(INFORMATION Opens)

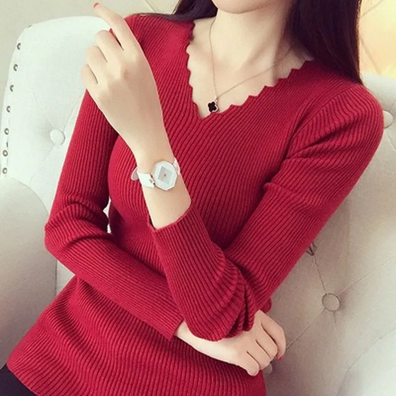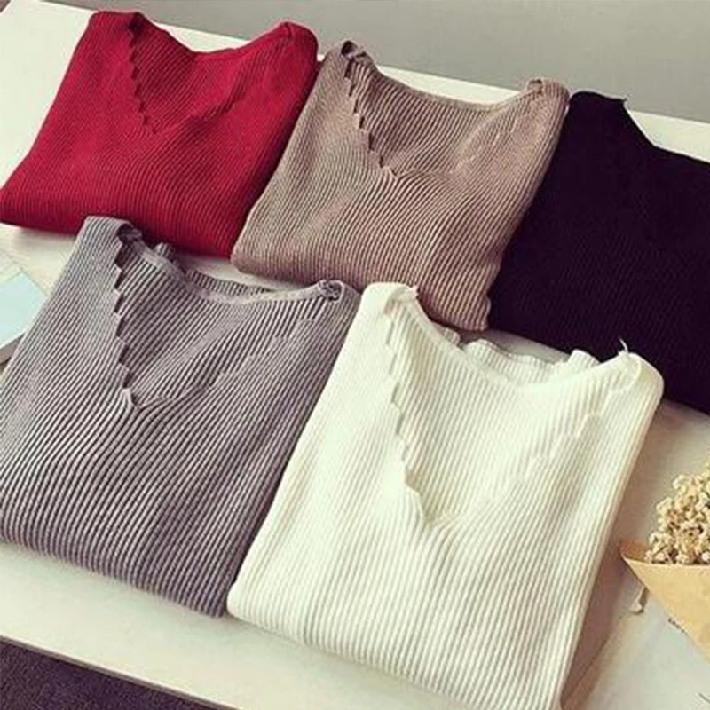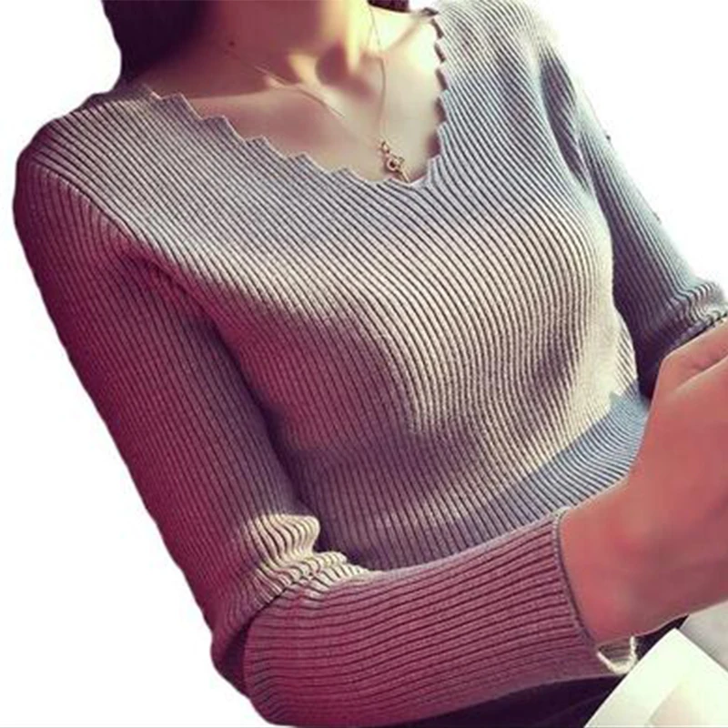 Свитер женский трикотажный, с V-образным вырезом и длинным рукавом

(INFORMATION Closes)
(INFORMATION Opens)

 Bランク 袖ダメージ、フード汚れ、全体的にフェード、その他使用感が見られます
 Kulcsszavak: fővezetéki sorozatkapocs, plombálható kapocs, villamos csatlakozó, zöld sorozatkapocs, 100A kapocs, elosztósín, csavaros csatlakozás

(INFORMATION Closes)
(INFORMATION Opens)

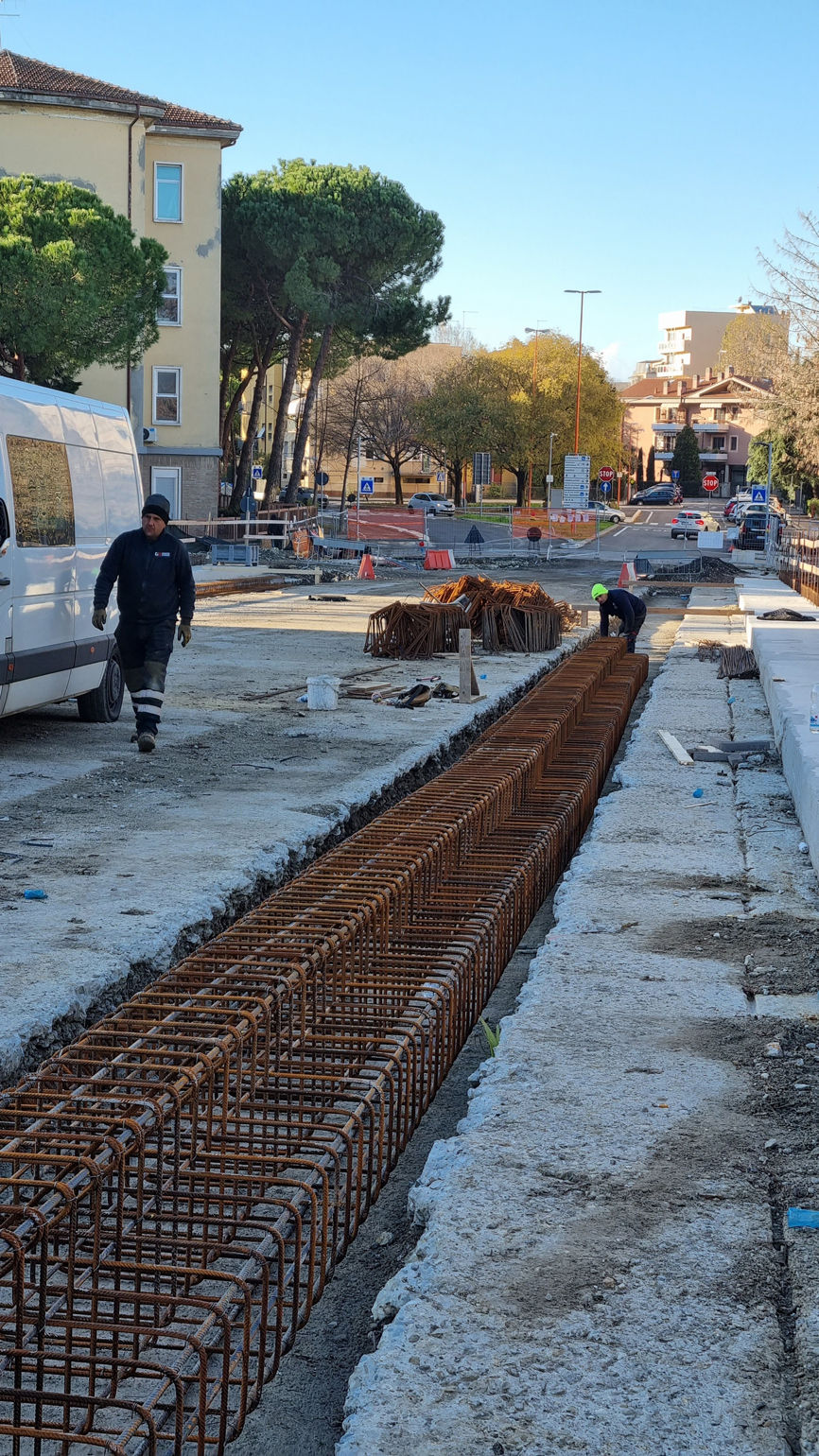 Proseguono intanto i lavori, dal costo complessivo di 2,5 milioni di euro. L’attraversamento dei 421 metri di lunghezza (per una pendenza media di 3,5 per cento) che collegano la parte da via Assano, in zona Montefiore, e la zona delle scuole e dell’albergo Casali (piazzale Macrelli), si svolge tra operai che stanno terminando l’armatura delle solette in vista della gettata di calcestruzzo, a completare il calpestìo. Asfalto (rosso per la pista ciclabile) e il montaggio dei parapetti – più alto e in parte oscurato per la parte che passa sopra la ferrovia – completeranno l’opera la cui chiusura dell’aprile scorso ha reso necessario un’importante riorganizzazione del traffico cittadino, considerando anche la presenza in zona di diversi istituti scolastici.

(INFORMATION Closes)

» **ASSIGNED TASK**
Reproduce exactly the lines of the records above from the one with "Bランク 袖ダメージ、フード汚れ、全体的にフェード、その他使用感が見られます" to the one with "Kulcsszavak: fővezetéki sorozatkapocs, plombálható", both included, and leave out everything else.

» **TASK RESPONSE**
 Bランク 袖ダメージ、フード汚れ、全体的にフェード、その他使用感が見られます
 Kulcsszavak: fővezetéki sorozatkapocs, plombálható kapocs, villamos csatlakozó, zöld sorozatkapocs, 100A kapocs, elosztósín, csavaros csatlakozás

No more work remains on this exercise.